8 minute read

Three sum.

Problem description

Taken directly from LeetCode.

Given an integer array nums, return all the triplets [nums[i], nums[j], nums[k]] such that i != j, i != k, and j != k, and nums[i] + nums[j] + nums[k] == 0.

Notice that the solution set must not contain duplicate triplets.

Example 1:

Input: nums = [-1,0,1,2,-1,-4]
Output: [[-1,-1,2],[-1,0,1]]
Explanation: nums[0] + nums[1] + nums[2] = (-1) + 0 + 1 = 0.
nums[1] + nums[2] + nums[4] = 0 + 1 + (-1) = 0.
nums[0] + nums[3] + nums[4] = (-1) + 2 + (-1) = 0.
The distinct triplets are [-1,0,1] and [-1,-1,2].
Notice that the order of the output and the order of the triplets does not matter.

Example 2:

Input: nums = [0,1,1]
Output: []
Explanation: The only possible triplet does not sum up to 0.

Example 3:

Input: nums = [0,0,0]
Output: [[0,0,0]]
Explanation: The only possible triplet sums up to 0.

Constraints:

  • 3 <= nums.length <= 3000
  • \(-10^5\) <= nums[i] <= \(10^5\)

Solution type

Went for a caching type solution, but the actual solution is more about clever algorithm design than anything.

Solution

Missed the mark again here.
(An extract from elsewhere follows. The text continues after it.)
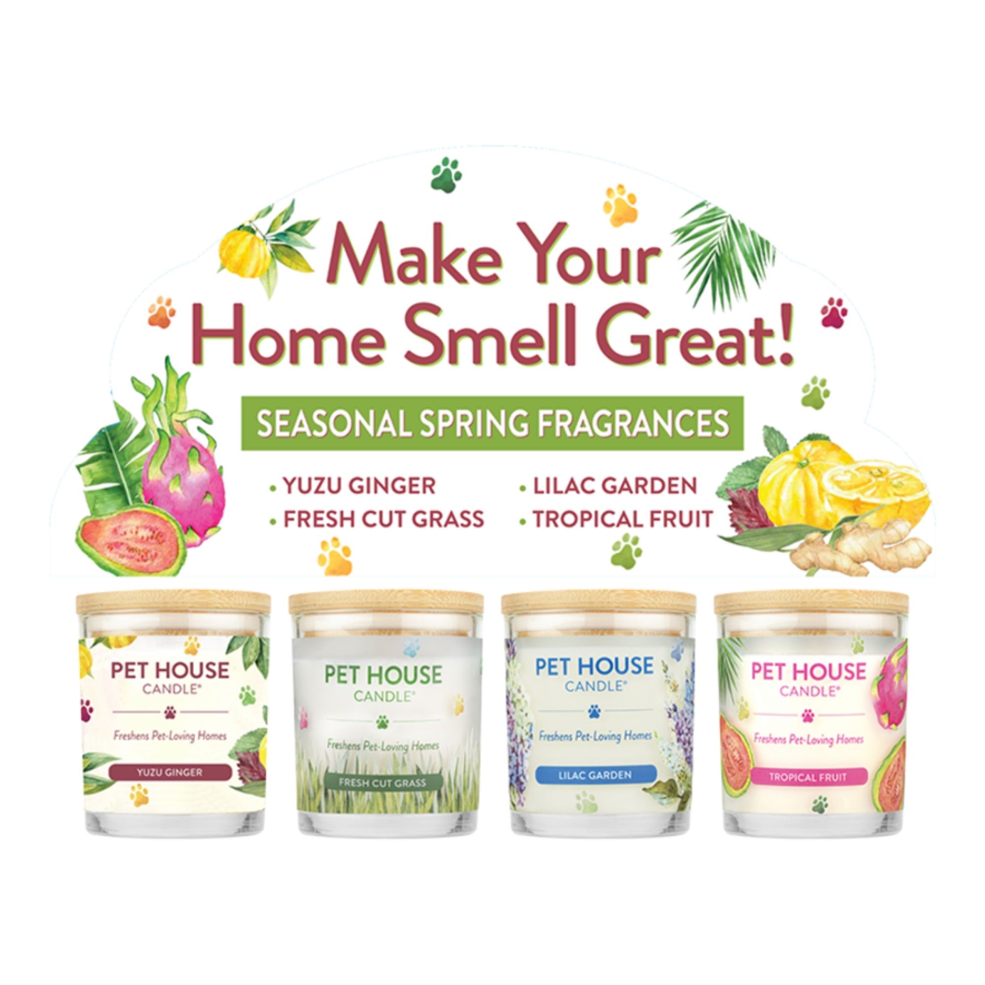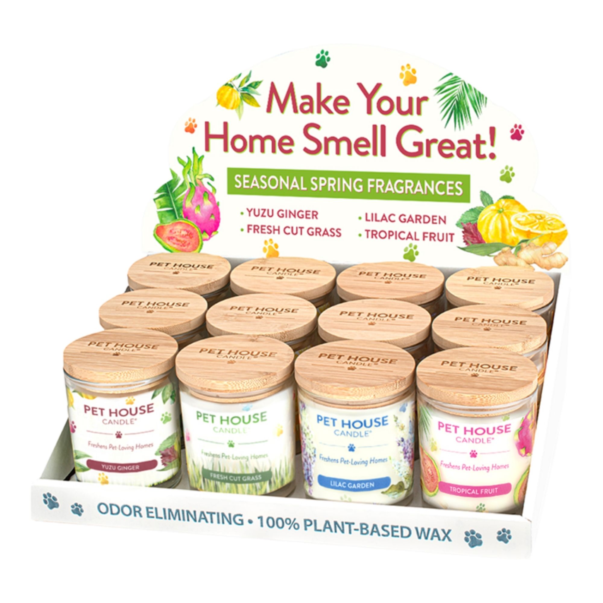 Pet House 2026 Spring Candle Display : Yuzu Ginger Fresh Cut Grass Tropical Fruit Lilac Garden - 12 Piece
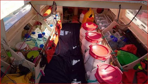Hola navegantes. Ya os hablé de este marino francés seco como un asceta, Yann Quenet, que está dando la vuelta al mundo en un velero de 4 metros de eslora. Actualmente está en Nueva Caledonia preparándose para la etapa más larga: 7.000 millas sin parar hasta la isla de Reunión, ya que con el Covid no puede detenerse en Australia. Como no puede meter en el barco toda la comida y agua que necesita, obligatoriamente dependerá de la pesca y de la lluvia para subsistir. Ha embarcado víveres y agua para 60 días de autonomía, cuando piensa tardar entre 70 y 80 en el mejor de los casos. O sea, justo lo contrario de lo que se recomienda, que es cargar víveres para una vez y media el tiempo previsto de travesía, por si algo se tuerce. Las primeras etapas serán por el Estrecho de Torres, al Norte de Australia, sembrado de islas y arrecifes y barrido por poderosas corrientes. Si allí se queda sin viento, o con brisas flojas, y debido a lo cargado que va el barco, seguro que no avanzaría, así que tiene previsto tirar parte del agua si eso ocurre, unos 20 o 30 litros. Luego dependería de la lluvia. Como dice Yann, es un círculo vicioso: cuanto más cargas el barco más despacio vas; cuanto más despacio vas, tardas más tiempo; y cuanto más tiempo tardas, más comida y agua necesitas. Para recoger la lluvia ha ideado un toldo, sobre la popa, que la canaliza a un cubo. Respecto a la comida, ha embarcado sobre todo liofilizados y conservas. En la siguiente foto podéis ver cómo lleva el interior del barco, que sólo le deja un estrecho pasillo entre los bidones para tumbarse a dormir. Y dice Yann que como en Nueva Caledonia le invitaban siempre ha comer ha engordado, y va a estar más apretado de lo previsto. Preguntado de nuevo por la talla de su barco, dice que todos los capitanes tienen el síndrome del “metro de más” (pensar siempre que un barco con un metro más sería el perfecto). Opina que lo hacen para sentirse más seguros en el mar, pero él cree que cuanto más pequeño, menos problemas. Por ejemplo en la siguiente foto podéis ver los manguitos que se ha hecho por si le rompe el mástil en un temporal. ¡Parecen rollos de papel de cocina!. Pues son suficientes para resolver esa avería, que en la mayoría de los barcos se considera el final. Y otro ejemplo, la rotura de los sables de la vela mayor la ha resuelto sustituyéndolos por cable eléctrico gordo. Como materiales “de lujo” ha embarcado un emisor AIS, para que le vean los mercantes en sus pantallas, y dos pilotos automáticos de respeto. Dice Yann que se está aburguesando. Con cuidado, navegantes.

You can see here how I wandered in the wrong direction with my solution: I realized we could sort, but then I latched onto a solution similar to Two Sum’s solution and got too attracted to it. I think technically

This is definitely not an \(O(n)\) problem, so one thing we can immediately consider is tracking all of our triplets in a set, then returning a vector constructed from that set. It will reduce the logic needed to avoid duplicates in the output.
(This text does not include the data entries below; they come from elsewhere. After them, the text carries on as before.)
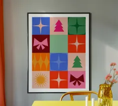 Aggiungete un tocco di fascino giocoso al vostro arredamento natalizio con questa colorata illustrazione astratta dell'albero di Natale. Realizzato con audaci forme grafiche ritagliate in un allegro arcobaleno di colori pastello (rosa, giallo, arancione, verde e sormontato da una sorprendente stella nera), questo disegno dà un tocco moderno alle tradizionali icone natalizie. Su uno sfondo rosa tenue, crea un'atmosfera femminile e festosa, fresca ed elegante. Perfetta per l'arte murale, i cuscini, le decorazioni per la casa e per i regali di Natale, questa illustrazione illuminerà sicuramente la vostra stagione natalizia con la sua estetica unica e gioiosa.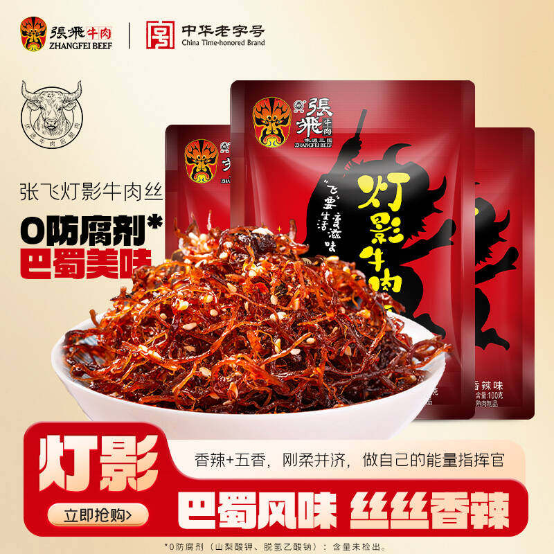 张飞灯影牛肉丝四川成都特产牛肉干上班充饥小零食休闲小吃食品(23.35元)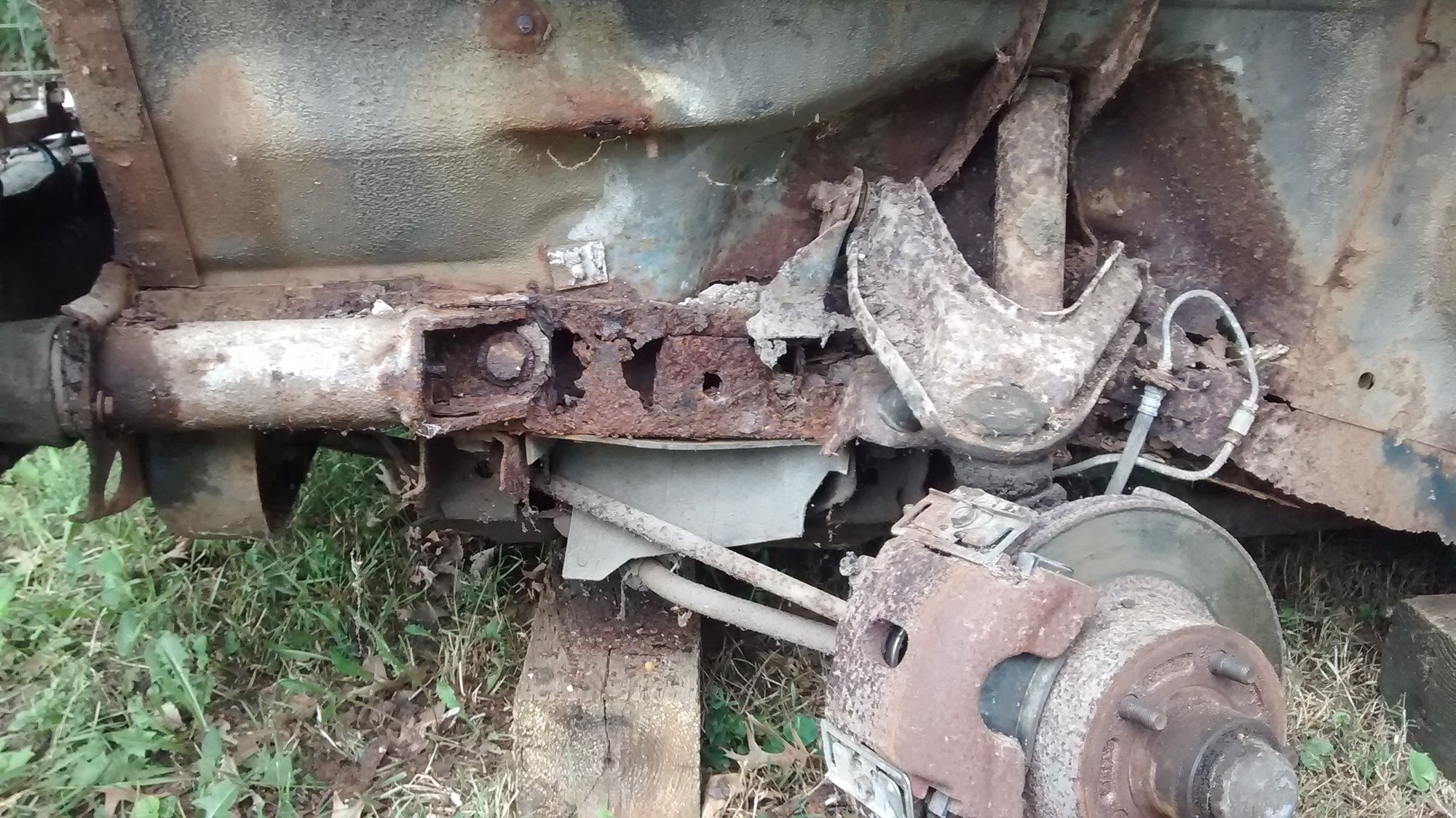 If I were you I would look under the vehicle at the location where the rear of the torsion bars go into the frame crossmember. They are prone to rust and when they fail the front of the car drops. That's some sever frame rot there and before you spend money on repairs look the car over again.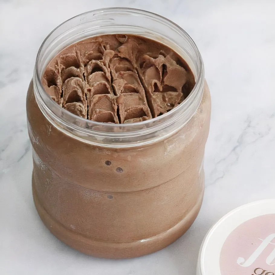 Postre di gelato vegano de chocolate con avellana, endulzado con stevia y elaborado con leche de almendra.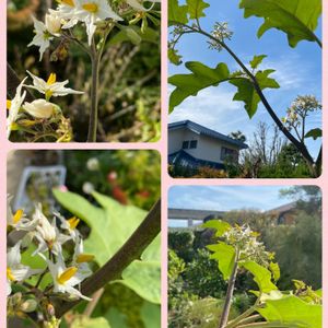 昨年栽培したナス🍆の台木から新芽🌱が出て来たので、そのまま育てて見ました。 背丈は160cmを超えて成長して、大きな切り込みのある葉っぱと白い花が咲きました。 花はナスの花に似ています。 調べてみたら「トルバムビガー」という植物です。 花後には実がなります。 緑色の皮が硬い葡萄のような実がなる様です。 糖度は28.8%だそうで、かなり甘いです。

The naive \(O(n^3)\) solution is to consider all triplets.

vector<vector<int>> threeSum(vector<int>& nums) {
    set<vector<int>> s;
    for (int i = 0; i < nums.size() - 2; ++i) {
        for (int j = i + 1; j < nums.size() - 1; ++j) {
            for (int k = j + 1; k < nums.size(); ++k) {
                if (nums[i] + nums[j] + nums[k] == 0) {
                    vector<int> v = {nums[i], nums[j], nums[k]};
                    // to avoid out-of-order duplicates in output
                    sort(v.begin(), v.end());
                    s.insert(v);
                }
            }
        }
    }
    return vector<vector<int>>(s.begin(), s.end());
}

What feels wrong with this solution is that we are definitely reconsidering pairs of indices. Every triplet of indices is unique, but some of those unique triplets contain the same indices in different positions. Consider, for example, i=0, j=5, k=6 and i=5, j=6, k=8. We already computed nums[j] + nums[k] for the first triplet, and we should be able to reuse that computation to determine nums[i] = nums[j] in the second triplet.
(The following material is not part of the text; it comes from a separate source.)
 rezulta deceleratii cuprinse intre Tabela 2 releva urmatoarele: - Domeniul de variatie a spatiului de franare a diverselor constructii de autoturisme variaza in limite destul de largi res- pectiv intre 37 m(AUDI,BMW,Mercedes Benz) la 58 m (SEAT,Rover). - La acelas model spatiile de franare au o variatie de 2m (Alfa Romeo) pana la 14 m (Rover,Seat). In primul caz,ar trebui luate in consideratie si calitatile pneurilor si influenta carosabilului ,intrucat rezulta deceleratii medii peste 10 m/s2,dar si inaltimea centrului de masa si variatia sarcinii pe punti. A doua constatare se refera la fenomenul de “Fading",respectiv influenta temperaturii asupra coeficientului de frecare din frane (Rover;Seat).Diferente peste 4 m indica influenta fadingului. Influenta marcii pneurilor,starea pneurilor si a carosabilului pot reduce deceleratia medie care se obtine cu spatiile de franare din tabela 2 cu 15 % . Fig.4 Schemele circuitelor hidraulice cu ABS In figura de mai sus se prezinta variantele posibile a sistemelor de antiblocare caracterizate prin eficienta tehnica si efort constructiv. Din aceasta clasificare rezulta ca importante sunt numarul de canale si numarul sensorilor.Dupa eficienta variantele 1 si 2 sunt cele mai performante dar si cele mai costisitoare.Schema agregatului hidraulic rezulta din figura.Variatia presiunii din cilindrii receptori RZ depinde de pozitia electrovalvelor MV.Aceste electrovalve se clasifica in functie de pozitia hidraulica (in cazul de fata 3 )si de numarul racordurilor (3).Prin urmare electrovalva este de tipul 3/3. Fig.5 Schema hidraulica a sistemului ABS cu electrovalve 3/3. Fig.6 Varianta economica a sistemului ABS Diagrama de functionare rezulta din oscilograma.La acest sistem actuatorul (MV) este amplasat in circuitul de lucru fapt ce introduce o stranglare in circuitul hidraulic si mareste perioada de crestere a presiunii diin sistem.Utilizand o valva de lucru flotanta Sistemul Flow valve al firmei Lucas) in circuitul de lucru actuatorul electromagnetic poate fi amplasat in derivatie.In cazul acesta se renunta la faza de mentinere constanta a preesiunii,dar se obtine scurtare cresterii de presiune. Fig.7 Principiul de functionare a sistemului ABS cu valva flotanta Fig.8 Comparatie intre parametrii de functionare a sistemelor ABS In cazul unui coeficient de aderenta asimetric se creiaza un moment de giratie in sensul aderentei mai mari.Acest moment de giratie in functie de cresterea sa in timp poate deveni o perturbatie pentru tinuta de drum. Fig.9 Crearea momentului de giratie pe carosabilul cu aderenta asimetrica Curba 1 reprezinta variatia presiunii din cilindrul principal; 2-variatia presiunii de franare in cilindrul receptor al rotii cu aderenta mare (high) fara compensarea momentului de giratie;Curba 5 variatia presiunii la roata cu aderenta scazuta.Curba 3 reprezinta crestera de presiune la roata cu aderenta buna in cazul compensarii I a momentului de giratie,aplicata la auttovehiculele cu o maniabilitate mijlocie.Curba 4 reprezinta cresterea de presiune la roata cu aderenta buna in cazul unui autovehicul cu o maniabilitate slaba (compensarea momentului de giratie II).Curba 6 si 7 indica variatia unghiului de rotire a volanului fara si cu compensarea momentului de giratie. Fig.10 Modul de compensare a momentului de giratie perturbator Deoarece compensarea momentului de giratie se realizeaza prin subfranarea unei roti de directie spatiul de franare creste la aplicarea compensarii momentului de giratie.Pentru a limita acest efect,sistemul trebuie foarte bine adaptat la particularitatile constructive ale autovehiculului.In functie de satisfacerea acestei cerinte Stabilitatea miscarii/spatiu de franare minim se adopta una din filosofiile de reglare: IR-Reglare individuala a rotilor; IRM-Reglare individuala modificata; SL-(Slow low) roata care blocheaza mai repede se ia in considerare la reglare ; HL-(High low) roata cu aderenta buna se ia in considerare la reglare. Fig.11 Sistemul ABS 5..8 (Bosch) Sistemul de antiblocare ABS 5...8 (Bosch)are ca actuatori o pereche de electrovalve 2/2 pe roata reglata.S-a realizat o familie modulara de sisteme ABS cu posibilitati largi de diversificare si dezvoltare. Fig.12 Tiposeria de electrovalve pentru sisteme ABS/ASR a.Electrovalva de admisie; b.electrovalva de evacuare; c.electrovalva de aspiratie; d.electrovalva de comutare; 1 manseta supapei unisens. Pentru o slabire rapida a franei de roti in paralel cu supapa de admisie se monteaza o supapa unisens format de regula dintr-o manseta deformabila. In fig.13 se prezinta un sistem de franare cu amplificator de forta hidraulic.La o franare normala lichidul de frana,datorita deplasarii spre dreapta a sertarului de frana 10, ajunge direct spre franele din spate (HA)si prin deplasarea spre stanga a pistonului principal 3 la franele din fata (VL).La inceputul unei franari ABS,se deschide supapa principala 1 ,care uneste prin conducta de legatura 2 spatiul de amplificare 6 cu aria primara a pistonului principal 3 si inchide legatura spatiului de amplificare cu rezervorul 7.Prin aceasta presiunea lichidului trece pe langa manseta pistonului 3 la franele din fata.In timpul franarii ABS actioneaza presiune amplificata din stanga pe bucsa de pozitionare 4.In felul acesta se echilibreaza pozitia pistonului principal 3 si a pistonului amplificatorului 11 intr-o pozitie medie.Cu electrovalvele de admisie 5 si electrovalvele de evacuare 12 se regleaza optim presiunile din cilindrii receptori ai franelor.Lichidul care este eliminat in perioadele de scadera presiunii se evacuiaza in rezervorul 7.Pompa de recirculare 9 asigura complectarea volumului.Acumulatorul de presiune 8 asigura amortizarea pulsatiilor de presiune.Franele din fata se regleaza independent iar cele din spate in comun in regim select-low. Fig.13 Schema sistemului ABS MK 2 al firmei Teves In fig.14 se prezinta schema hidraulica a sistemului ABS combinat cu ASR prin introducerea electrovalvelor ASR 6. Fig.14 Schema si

I think there’s a couple ways to do this. Notably, since we are asked to return the elements and not the indices, we can reorder nums and still get the correct solution. My first thought is whether sorting can help us.

By using \(O(n \log (n))\) time to sort and then doing \(O(\log n)\) work for \(O(n^2)\) pairs, we can reduce our time complexity to \(O(n^2 \log (n))\). This still runs into the same issue as above, though, where we are recomputing values we shouldn’t need to recompute.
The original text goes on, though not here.